### Raw data
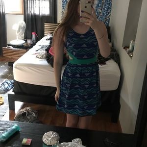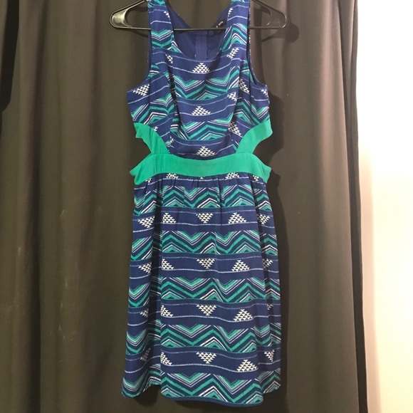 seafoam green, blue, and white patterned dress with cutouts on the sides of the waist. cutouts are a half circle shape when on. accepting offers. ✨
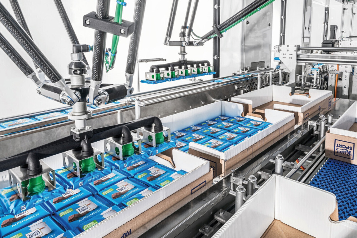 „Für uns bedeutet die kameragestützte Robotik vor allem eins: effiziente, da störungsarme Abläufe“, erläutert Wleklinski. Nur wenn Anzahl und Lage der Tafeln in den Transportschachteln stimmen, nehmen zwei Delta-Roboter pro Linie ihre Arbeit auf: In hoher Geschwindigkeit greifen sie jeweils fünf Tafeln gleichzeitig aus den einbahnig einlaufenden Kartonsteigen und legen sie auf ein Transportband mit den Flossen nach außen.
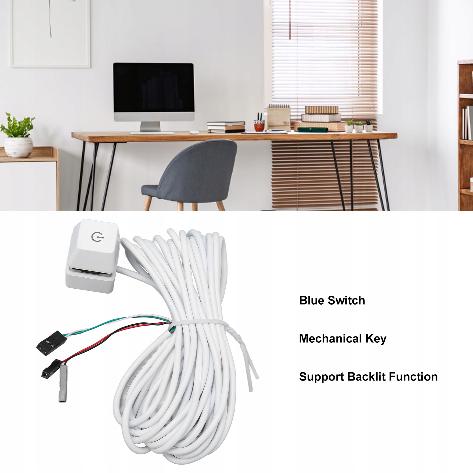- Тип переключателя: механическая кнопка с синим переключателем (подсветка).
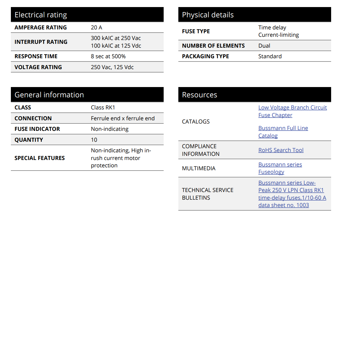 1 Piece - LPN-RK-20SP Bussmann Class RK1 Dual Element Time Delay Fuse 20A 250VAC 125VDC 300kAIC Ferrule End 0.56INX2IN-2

### Task item
With the pictures removed, return the full listing exactly as given.

### Answer section
 seafoam green, blue, and white patterned dress with cutouts on the sides of the waist. cutouts are a half circle shape when on. accepting offers. ✨
 „Für uns bedeutet die kameragestützte Robotik vor allem eins: effiziente, da störungsarme Abläufe“, erläutert Wleklinski. Nur wenn Anzahl und Lage der Tafeln in den Transportschachteln stimmen, nehmen zwei Delta-Roboter pro Linie ihre Arbeit auf: In hoher Geschwindigkeit greifen sie jeweils fünf Tafeln gleichzeitig aus den einbahnig einlaufenden Kartonsteigen und legen sie auf ein Transportband mit den Flossen nach außen.
- Тип переключателя: механическая кнопка с синим переключателем (подсветка).
 1 Piece - LPN-RK-20SP Bussmann Class RK1 Dual Element Time Delay Fuse 20A 250VAC 125VDC 300kAIC Ferrule End 0.56INX2IN-2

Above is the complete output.